Community Detection in General Hypergraph via Graph Embedding
This addresses the problem of identifying communities in hypergraph networks for researchers and practitioners dealing with complex relational data, representing an incremental improvement over existing methods.
The authors tackled community detection in hypergraph networks with multi-way interactions by proposing a method that augments non-uniform hypergraphs into uniform ones and embeds them in low-dimensional space, achieving asymptotic consistency in both community detection and hypergraph estimation as supported by numerical experiments.

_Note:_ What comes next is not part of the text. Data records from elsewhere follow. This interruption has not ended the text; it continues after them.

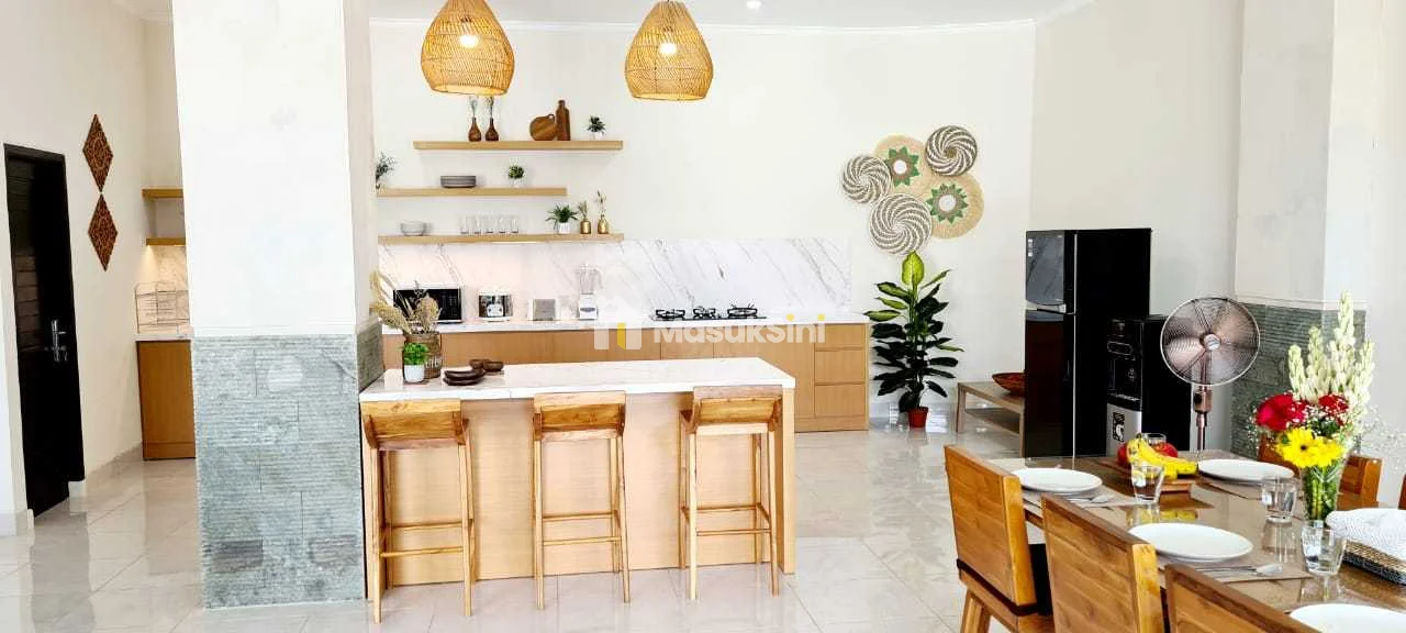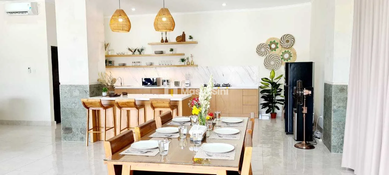 With 7700-watt electricity, PDAM water supply, and an additional water tank, this north-facing villa is fully furnished and ready for occupancy. Annual rent is IDR 748 million, with a 6-month rental option for IDR 403 million. A security deposit of IDR 55 million is required for a one-year lease. Tenants are responsible for electricity expenses, while a staff member living in a separate area at the back ensures comfort and privacy for residents.
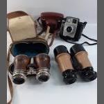 Two cased pairs of binoculars one LE JOCKEY CLUB PARIS and another set of field glasses. Jockey club ones have minor damage to eyepieces but appear optically sound. Lot also includes two cameras, A Brownie Twin 20 and a Comet S.
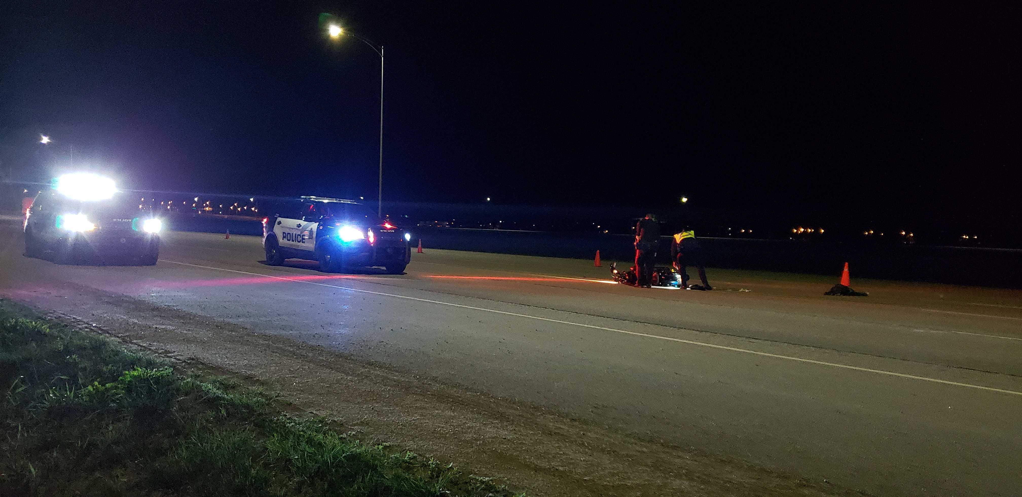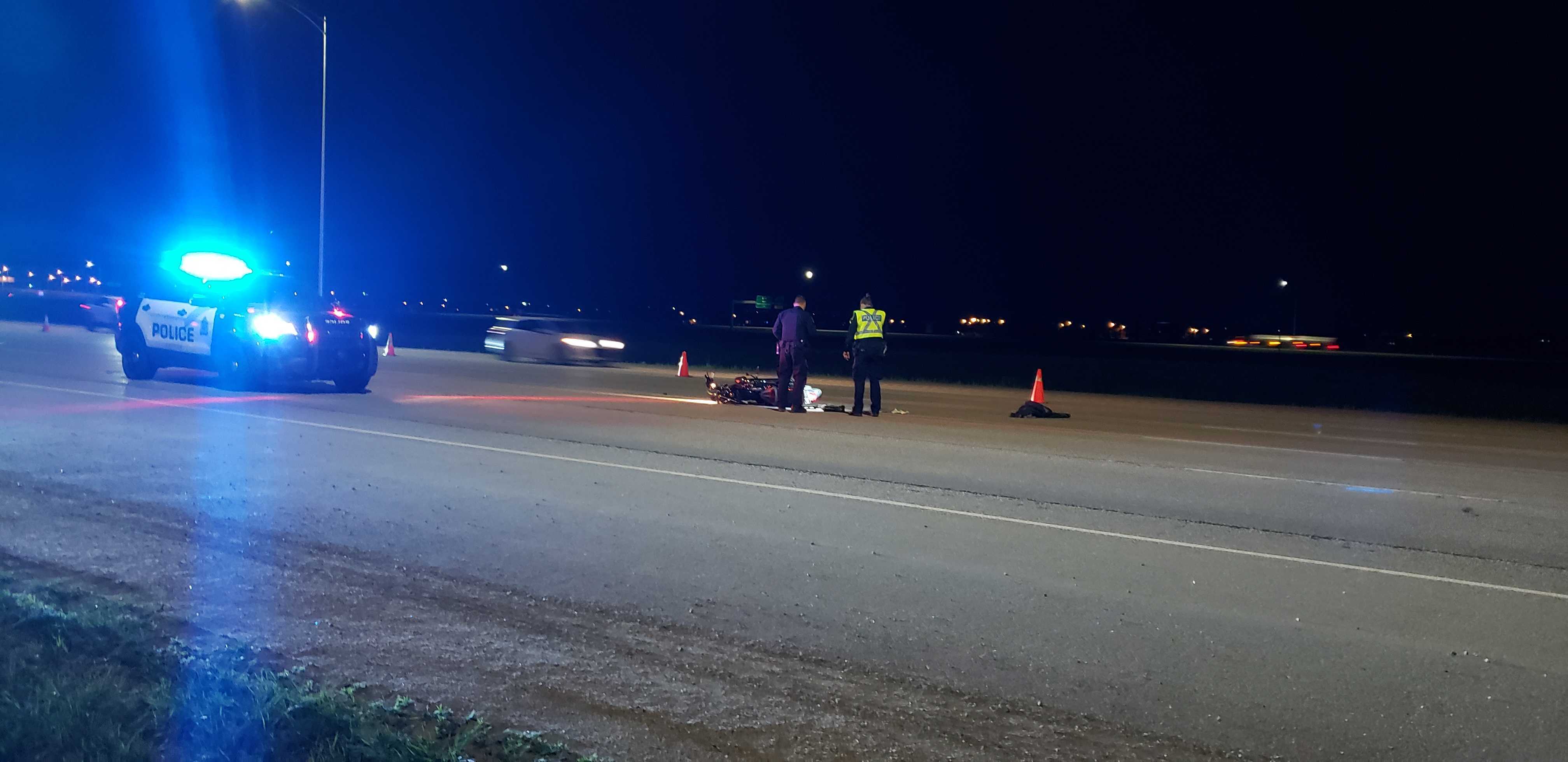 Police on scene said a man in his 40s was sent to hospital with “undetermined injuries” after his motorcycle crashed.
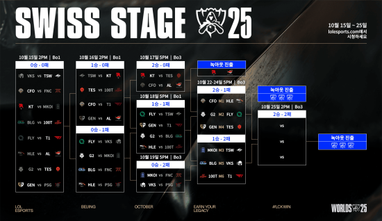 세 팀을 무너뜨리는 동안 한 세트도 패하지 않으면서 8강에 선착한 kt 롤스터는 3승 2패로 스위스 스테이지를 통과한 팀 가운데 한 팀과 8강에서 대결한다.
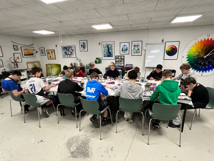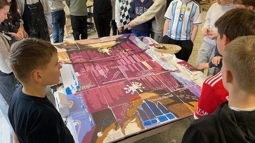 Alle de individuelle malerier er til sidst blevet samlet på en sort plade. Først her får konfirmanderne mulighed for at se det samlede motiv.
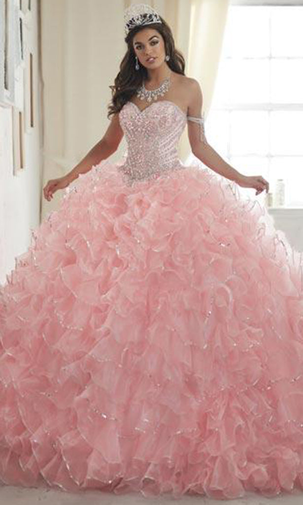 Charm everyone by your sheer femininity as you sparkle with beauty when you celebrate wearing this impeccable ballgown from Quinceanera Collection 26845. This strapless dreamy elegance features a pronounced sweetheart neckline and flattering lace up back, and bodice lavishly festooned with crystal bead accent. The voluminous skirts flow effortlessly with layers of ruffled iridescent organza trimmed with sequin edges. Have confidence that your grand entrance will be everything it deserves to be when you wear this Quinceanera Collection ballgown.

Conventional network data has largely focused on pairwise interactions between two entities, yet multi-way interactions among multiple entities have been frequently observed in real-life hypergraph networks. In this article, we propose a novel method for detecting community structure in general hypergraph networks, uniform or non-uniform. The proposed method introduces a null vertex to augment a non-uniform hypergraph into a uniform multi-hypergraph, and then embeds the multi-hypergraph in a low-dimensional vector space such that vertices within the same community are close to each other. The resultant optimization task can be efficiently tackled by an alternative updating scheme. The asymptotic consistencies of the proposed method are established in terms of both community detection and hypergraph estimation, which are also supported by numerical experiments on some synthetic and real-life hypergraph networks.